I am evaluating statistical significance of improvements in accurracy in a speech recognition system as a response to changes within the acoustic models. I am comparing the mean recognition accuracy before and after the changes.
As an input I've got pairs of "speaker - accuracy" or "word - accuracy" for both groups. As I am keeping speakers and vocabulary the same in both evaluations, I decided to use the t-test for dependent samples to find out if there is a significant change in mean accuracy or not.
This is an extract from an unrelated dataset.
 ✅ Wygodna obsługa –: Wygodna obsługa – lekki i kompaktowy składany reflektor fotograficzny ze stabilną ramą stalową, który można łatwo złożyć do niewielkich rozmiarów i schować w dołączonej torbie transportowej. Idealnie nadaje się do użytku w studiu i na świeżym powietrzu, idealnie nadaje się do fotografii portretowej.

There is still one thing, I wonder about: The standard t-test for dependent populations does not seem to be able to take into account the number of test samples that I have either per vocabulary item or per speaker. If I evaluate on a "by speaker"-basis, then the t-test makes no difference if I've got 20 or 50 utterances per speaker. If I evaluate on a "by vocabulary item"-basis, there is no dependence on the number of evaluation speakers.
As I evaluate 20 speakers but 100 utterances per speaker the significance is usually much higher if I run the t-test based on vocabulary items instead of speakers.
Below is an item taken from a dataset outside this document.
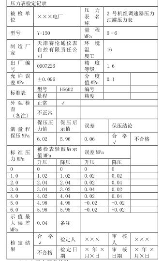 ①記錄壓力表計的出廠編號、型號、生產廠家、精度等 級、分度值、誤差要求、及測量范圍;

Is there another test or a modification of the t-test which takes this information into account? For each utterance I've got the information if it was recognized correctly or incorrectly. So I cannot run the t-test directly on the utterances because I need an interval scale for that and not only a binary decision. Is there a way to test on speakers and vocabulary items separately and obtain a better information about significance from those two results?
I'd be glad if anyone could help me as my knowledge of statistics is rather limited...
thank you in advance,